D.C. Circuit Considers Whether to Vacate Mercury and Air Toxics Rule

In addition to the requests for stay of the CPP, the D.C. Circuit also has before it several motions to govern further proceedings on remand regarding another major EPA power plant emissions rule: MATS rule. 

Issued in 2011, the MATS rule established standards limiting emissions of mercury and other air toxics from new and existing coal and oil-fired power plants. On June 29, 2015, the Supreme Court held that the EPA had acted unlawfully and “strayed well beyond” the provisions of the CAA when it determined that it did not have to consider costs in reaching its determination that regulation of mercury and air toxics emissions was “appropriate and necessary.”3  The Court reversed the D.C. Circuit’s earlier decision upholding the EPA’s actions and remanded the case back to that court for further proceedings.

In their motion to govern further proceedings on remand, industry representatives, along with 18 states, ask the D.C. Circuit to vacate the MATS rule in its entirety, arguing that affected entities should not have to bear the costs of ongoing compliance, given the serious legal deficiency found by the Supreme Court. The EPA, along with several other states, industry representatives and environmental groups, oppose vacating the rule. For its part, the EPA contends that vacating the rule would be inappropriate, because it can quickly address the deficiency found by the Court, given the significant amount of cost information already in the record.

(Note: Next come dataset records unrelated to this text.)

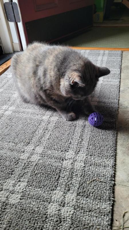 [This review was collected as part of a promotion.] Great toy if you have a kitty that likes to play fetch or carry their toys around in their mouth. The lattice texture is easy for them to hold and the ball bounces nicely for a game of fetch. It’s also a large, non-choking risk size. They are heavier toys so my more timid cat was a bit afraid of the sound it made when bouncing. Overall a fun addition to our toy box!
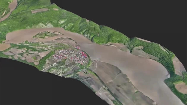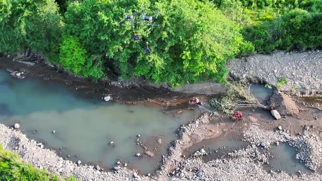灾区河流水位暴涨,落水车辆被困河道。危急的时刻,M400 无人机搭载高精度航磁探测器迅速起飞作业,对河道开展全方位扫描。
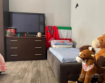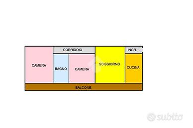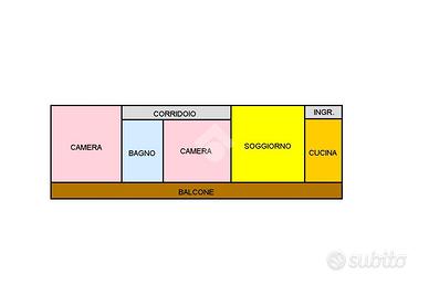 La zona giorno si apre su un ampio e luminoso soggiorno con cucinotto separato, nella zona notte invece troviamo due camere da letto matrimoniali ed un bagno finestrato con doccia.
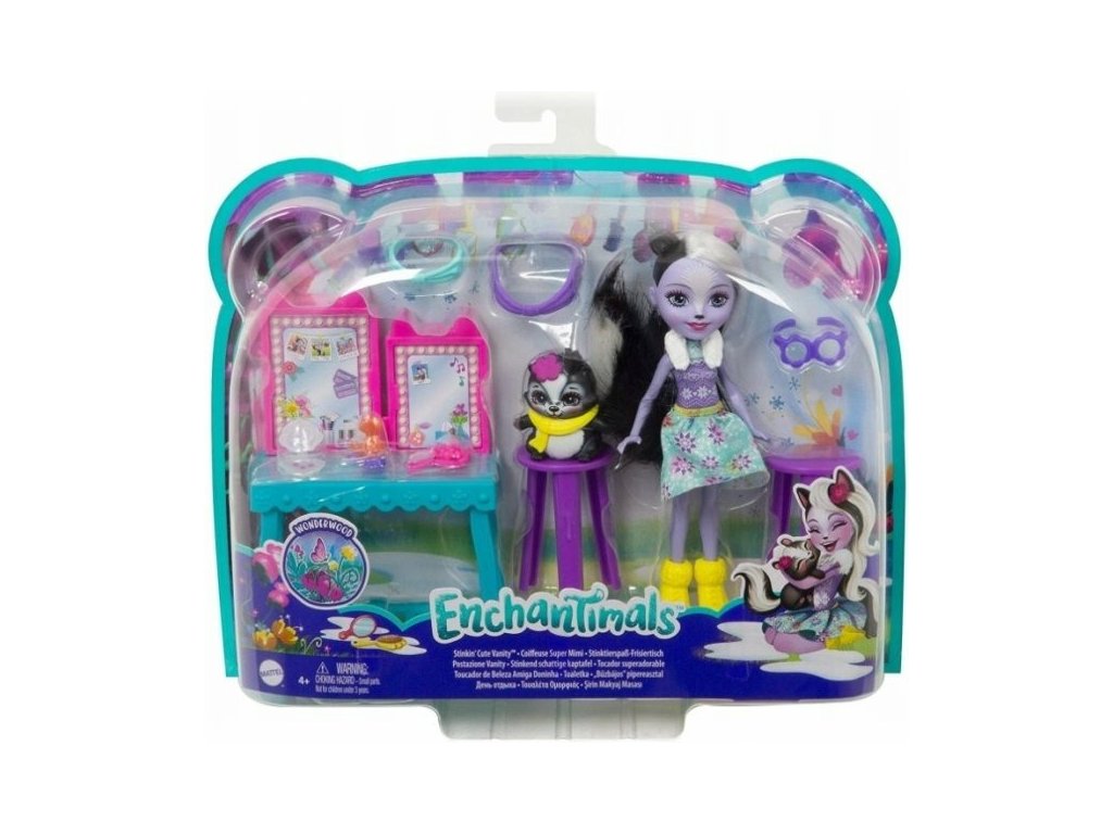 Hrací sada Enchantimals kosmetický stolek s panenkou a zvířátkem. Přátelé se mohou společně zkrášlovat a relaxovat díky toaletnímu stolku se dvěma stoličkami a dvojitým zrcadlem. Sada obsahuje více než 10 doplňků, jako jsou pásky, doplňky do vlasů, panenku a zvířátko.
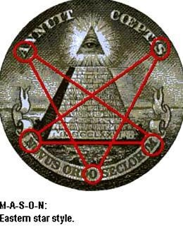 巧合的是,倒转的五角星拼写“MASON”这个单词,也就是“共济会”的意思,可通过将一些单词的首字母或尾字母串联一起得出。钞票里也存在13的倍数,例如,金字塔有13层。在此我也只是猜测,但不少人相信今日世界存在13个光明会的家族,他们正为顶石(capstone)——路西法/敌基督的到来铺就道路和基石。
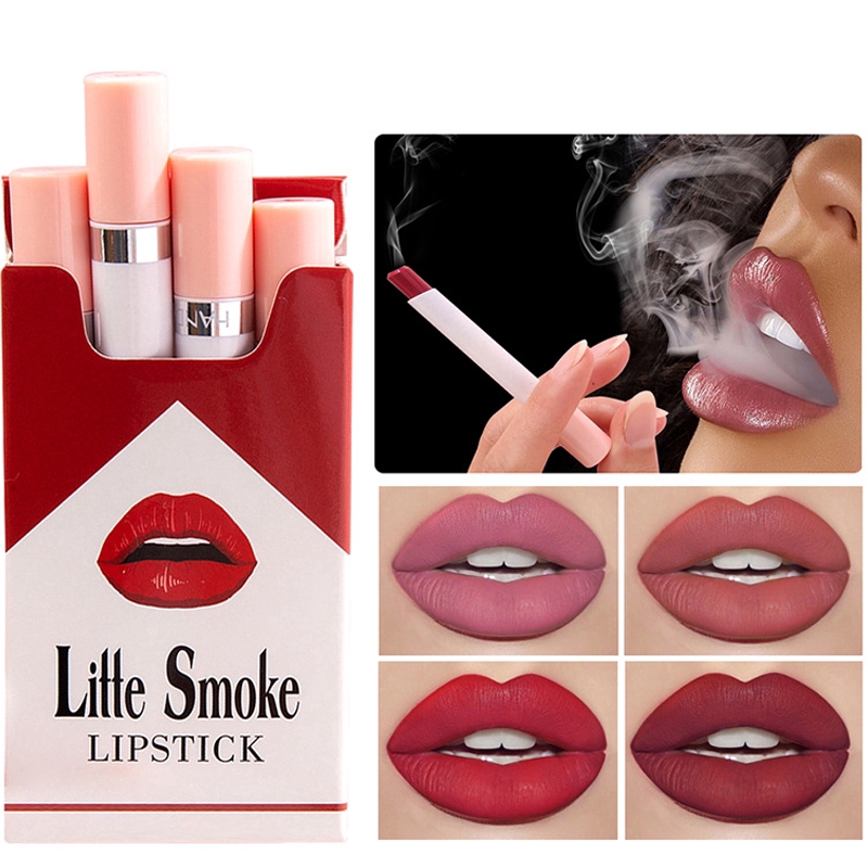 4Pcs/Conjunto de Batom Criativo de Maço de Cigarro / Batom Labial Fosco Aveludado À Prova d’Água Duradouro
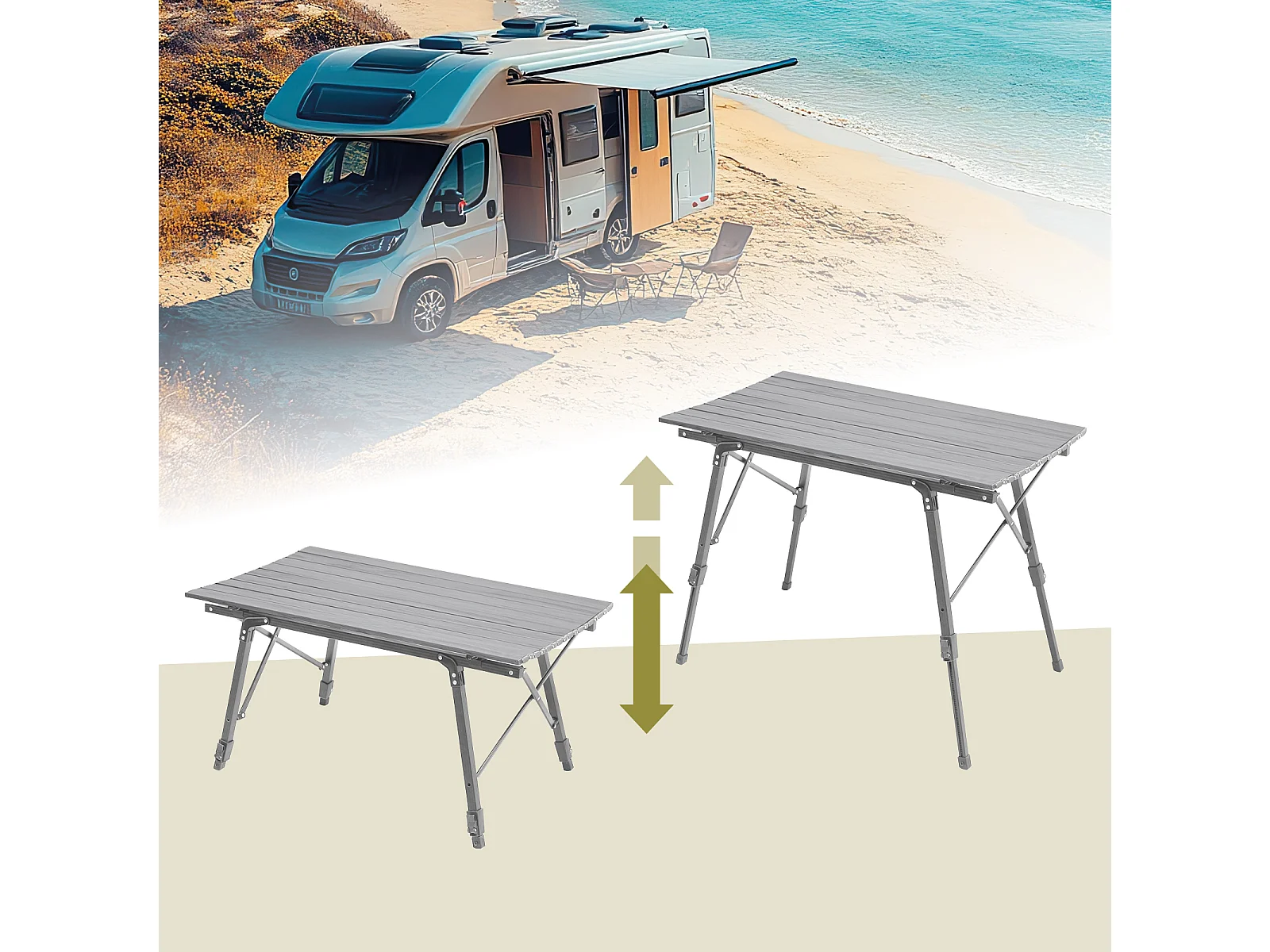 Table de camping pliable JAWINIO, table pliante réglable en hauteur, aluminium argent

In addition, the EPA and the other intervenors opposed to vacating the rule note that doing so would cause significant disruption to the regulated community and would endanger the health benefits provided by the rule.

Conclusion

Litigation over the fate of the MATS and CPP rules will necessarily create uncertainty for the electric power sector entities and the states that must comply with them. Most generators affected by the MATS requirements have likely already made decisions about how to comply (and, in particular, whether to retire rather than retrofit their equipment), given that the deadline for compliance was April 16, 2015 (with the possibility of a one-year extension to April 16, 2016). With respect to the CPP, however, the ongoing litigation, combined with the long period needed for states to develop compliance plans, results in significant uncertainty. Despite that uncertainty, however, many states (even those that are challenging the rule in the D.C. Circuit) are moving ahead and beginning the process of vetting compliance options with stakeholders.4

The result is that affected power sector entities and interested stakeholders must carefully monitor developments in the courts and in the individual states (perhaps multiple states at the same time) to assess the risks and challenges they face moving forward. Decisions made in these forums will have significant ramifications, not just for affected sources of carbon emissions, but also for wholesale and retail electric markets, energy infrastructure operators and developers, and consumers.


1 Final state compliance plans or an initial compliance plan with a request for extension must be submitted to the EPA by September 6, 2016, and all completed final compliance plans must be submitted by September 6, 2018.

2 Under the CEIP, states can receive additional emissions credits or allowances for early adoption of wind and solar generation, or the implementation of energy efficiency programs in low-income communities.

3 Michigan v. EPA, 135 S. Ct. 2699 (2015).